* [STORED DATA]:
────────────────────────────────────────
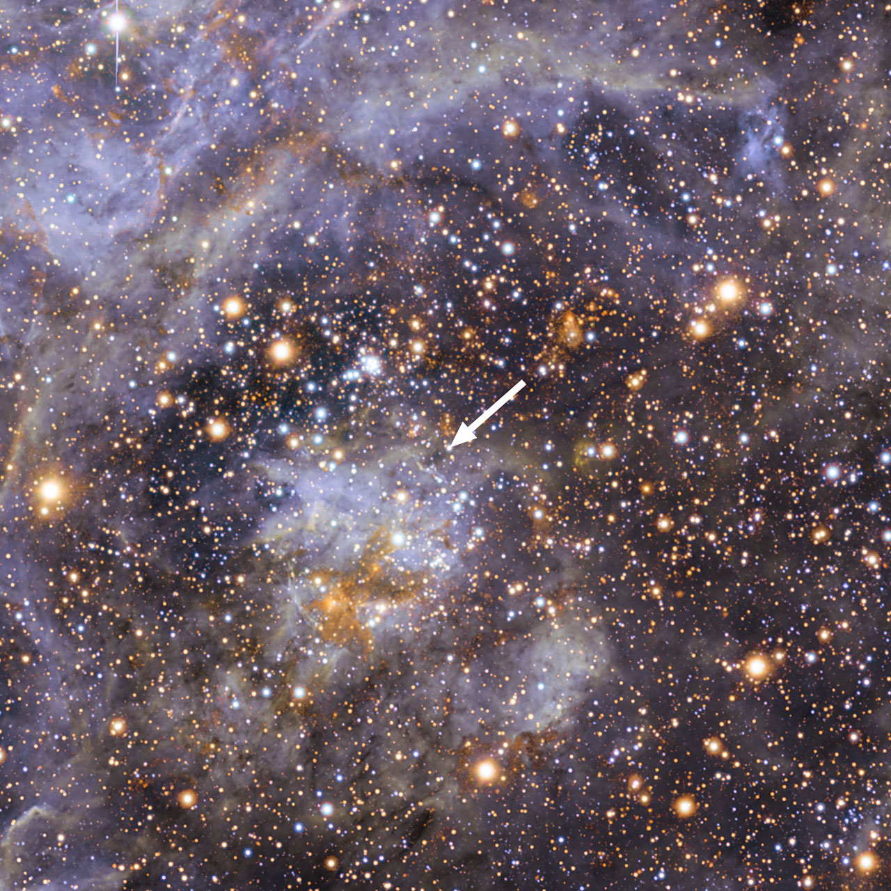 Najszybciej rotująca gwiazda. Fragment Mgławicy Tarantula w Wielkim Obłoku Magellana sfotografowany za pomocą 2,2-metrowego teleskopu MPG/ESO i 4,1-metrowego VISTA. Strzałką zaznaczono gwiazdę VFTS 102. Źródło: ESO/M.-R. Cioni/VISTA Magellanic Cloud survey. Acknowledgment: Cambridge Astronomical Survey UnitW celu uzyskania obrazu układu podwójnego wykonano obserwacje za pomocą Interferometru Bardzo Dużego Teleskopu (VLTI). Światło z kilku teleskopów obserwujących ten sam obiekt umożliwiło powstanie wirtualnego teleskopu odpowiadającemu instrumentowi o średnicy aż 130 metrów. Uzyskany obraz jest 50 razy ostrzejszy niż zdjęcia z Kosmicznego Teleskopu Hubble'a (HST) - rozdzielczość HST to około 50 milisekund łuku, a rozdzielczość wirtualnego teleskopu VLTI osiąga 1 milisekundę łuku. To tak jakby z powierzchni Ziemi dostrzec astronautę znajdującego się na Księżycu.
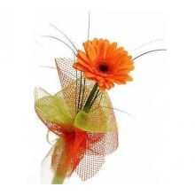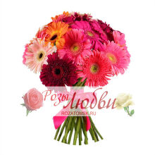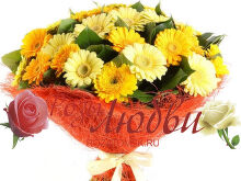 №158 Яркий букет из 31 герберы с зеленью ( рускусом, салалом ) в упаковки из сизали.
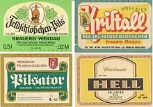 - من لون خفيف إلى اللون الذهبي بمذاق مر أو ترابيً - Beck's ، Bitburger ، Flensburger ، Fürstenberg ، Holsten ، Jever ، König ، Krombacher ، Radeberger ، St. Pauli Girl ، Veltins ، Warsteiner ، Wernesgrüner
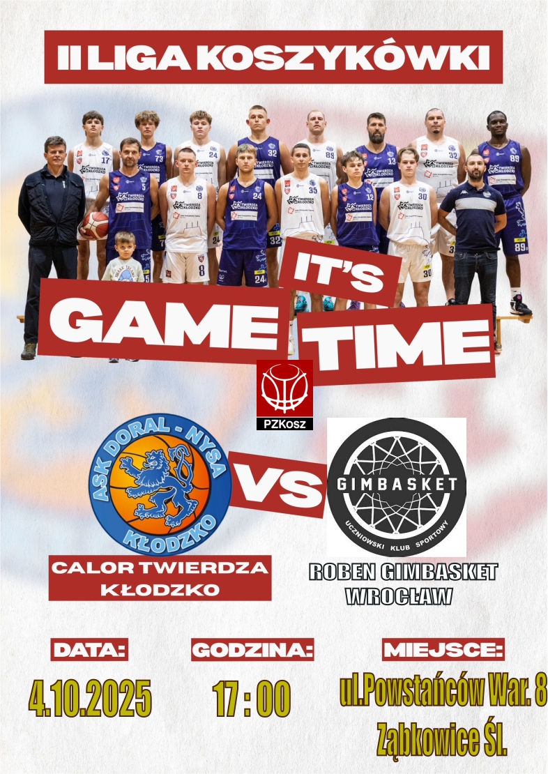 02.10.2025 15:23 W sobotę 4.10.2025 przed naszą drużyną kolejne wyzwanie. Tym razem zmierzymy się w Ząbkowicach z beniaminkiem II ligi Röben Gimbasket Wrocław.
────────────────────────────────────────
* [EXERCISE GOAL]:
From the line containing "- من لون خفيف" to the last line of the material, every line is to be reproduced exactly. No picture belongs in the copy.

* [RESPONSE TO THE EXERCISE]:
 - من لون خفيف إلى اللون الذهبي بمذاق مر أو ترابيً - Beck's ، Bitburger ، Flensburger ، Fürstenberg ، Holsten ، Jever ، König ، Krombacher ، Radeberger ، St. Pauli Girl ، Veltins ، Warsteiner ، Wernesgrüner
 02.10.2025 15:23 W sobotę 4.10.2025 przed naszą drużyną kolejne wyzwanie. Tym razem zmierzymy się w Ząbkowicach z beniaminkiem II ligi Röben Gimbasket Wrocław.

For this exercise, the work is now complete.